## REQUIREMENT
What is needed is an exact copy of the entries, with the pictures excluded.

## SUPPLIED INFORMATION
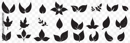 Set of Black leaf icons. Green color. Leaf green color icon logo. Leaves on white background. Ecology. Vector illustration on Transparent Background. EPS 10.
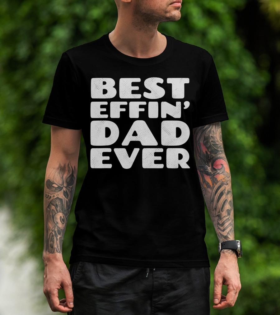The BEST EFFIN DAD EVER T-shirt is designed for everyday wear and a consistent fit. Fabric is pre-shrunk ring-spun cotton with durable stitching. See the size chart below for exact measurements.
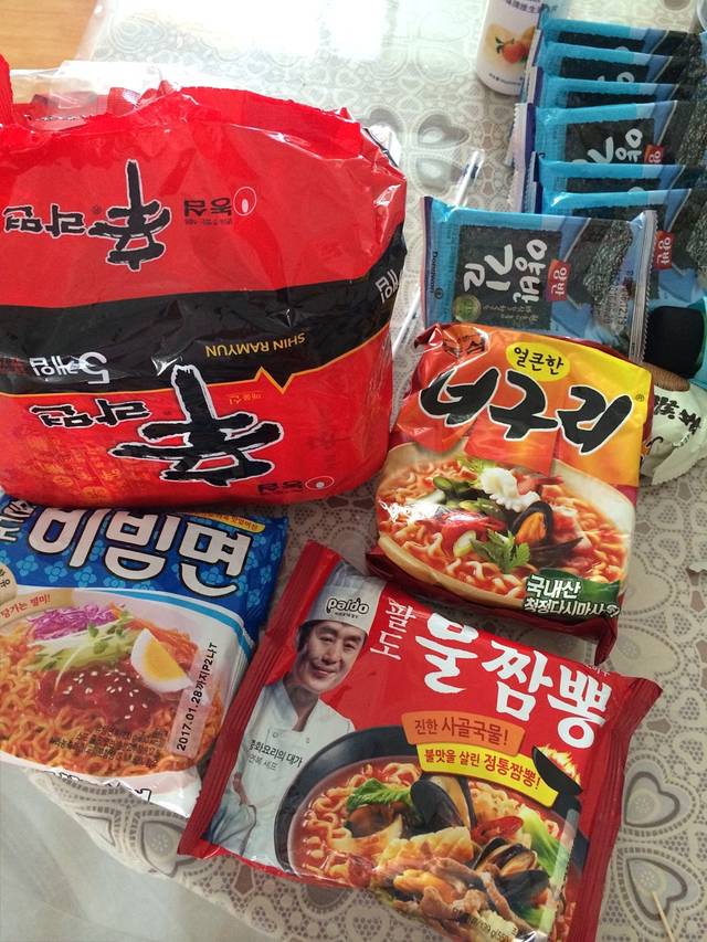 自己买回的泡面,回来煮超级好吃,尤其这种粗面的,像手擀面样的,qq滑滑不糊,一点不像方面便,如下~除此之外还可以从韩国带黄油薯片、海苔、泡菜、辣椒酱、拌饭酱、咖啡、年糕酱等当地热门产品~
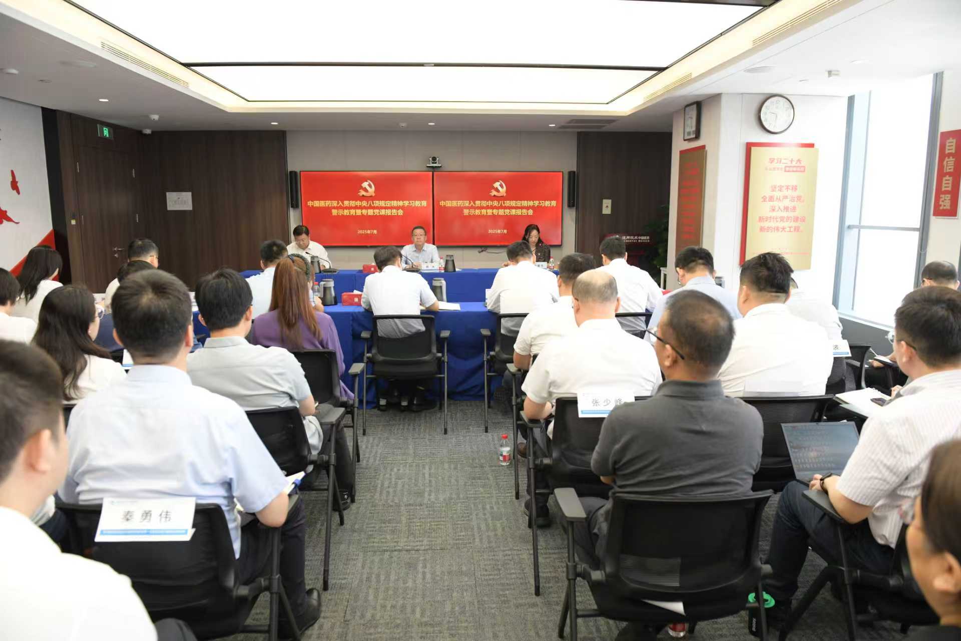 7月11日,中国医药召开深入贯彻中央八项规定精神学习教育警示教育暨专题党课报告会,深入学习贯彻习近平总书记在中共中央政治局第二十一次集体学习时重要讲话精神,深刻汲取反面案例教训,进一步推动学习教育走深走实,以彻底自我革命精神深入推进作风建设。公司党委副书记、总经理胡慧冬主持会议并传达有关文件精神;公司纪委书记、党委委员郭政通报了典型案例。公司党委书记、董事长杨光以《深刻汲取反面典型案例教训,以彻底自我革命精神推进作风建设,为加快推进中国医药转型发展提供坚强保障》为主题讲授专题党课,以“四个深刻”为主线回顾党的百年作风建设历程,系统阐释习近平总书记关于作风建设的重要论述,深刻剖析典型案例根源,强调要深刻认识违反中央八项规定精神的严重危害,进一步增强作风建设的紧迫感责任感,善始善终、善作善成推动学习教育走深走实。
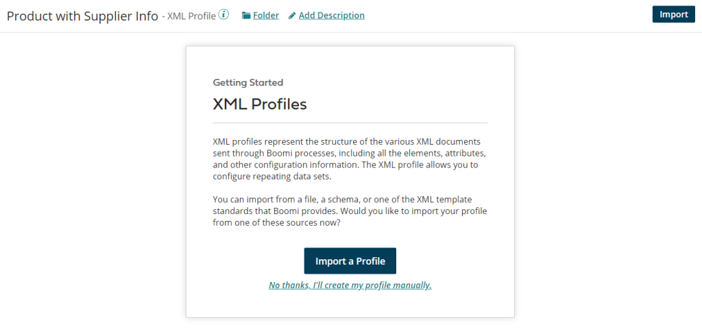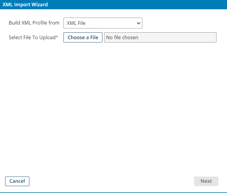 Similarly, we are going to create a profile for the combined data in XML format. Repeat the steps to create a profile, but create an XML profile this time. This is the screen you will be greeted by when you create a new XML profile.

## WORKED SOLUTION
 Set of Black leaf icons. Green color. Leaf green color icon logo. Leaves on white background. Ecology. Vector illustration on Transparent Background. EPS 10.
The BEST EFFIN DAD EVER T-shirt is designed for everyday wear and a consistent fit. Fabric is pre-shrunk ring-spun cotton with durable stitching. See the size chart below for exact measurements.
 自己买回的泡面,回来煮超级好吃,尤其这种粗面的,像手擀面样的,qq滑滑不糊,一点不像方面便,如下~除此之外还可以从韩国带黄油薯片、海苔、泡菜、辣椒酱、拌饭酱、咖啡、年糕酱等当地热门产品~
 7月11日,中国医药召开深入贯彻中央八项规定精神学习教育警示教育暨专题党课报告会,深入学习贯彻习近平总书记在中共中央政治局第二十一次集体学习时重要讲话精神,深刻汲取反面案例教训,进一步推动学习教育走深走实,以彻底自我革命精神深入推进作风建设。公司党委副书记、总经理胡慧冬主持会议并传达有关文件精神;公司纪委书记、党委委员郭政通报了典型案例。公司党委书记、董事长杨光以《深刻汲取反面典型案例教训,以彻底自我革命精神推进作风建设,为加快推进中国医药转型发展提供坚强保障》为主题讲授专题党课,以“四个深刻”为主线回顾党的百年作风建设历程,系统阐释习近平总书记关于作风建设的重要论述,深刻剖析典型案例根源,强调要深刻认识违反中央八项规定精神的严重危害,进一步增强作风建设的紧迫感责任感,善始善终、善作善成推动学习教育走深走实。
 Similarly, we are going to create a profile for the combined data in XML format. Repeat the steps to create a profile, but create an XML profile this time. This is the screen you will be greeted by when you create a new XML profile.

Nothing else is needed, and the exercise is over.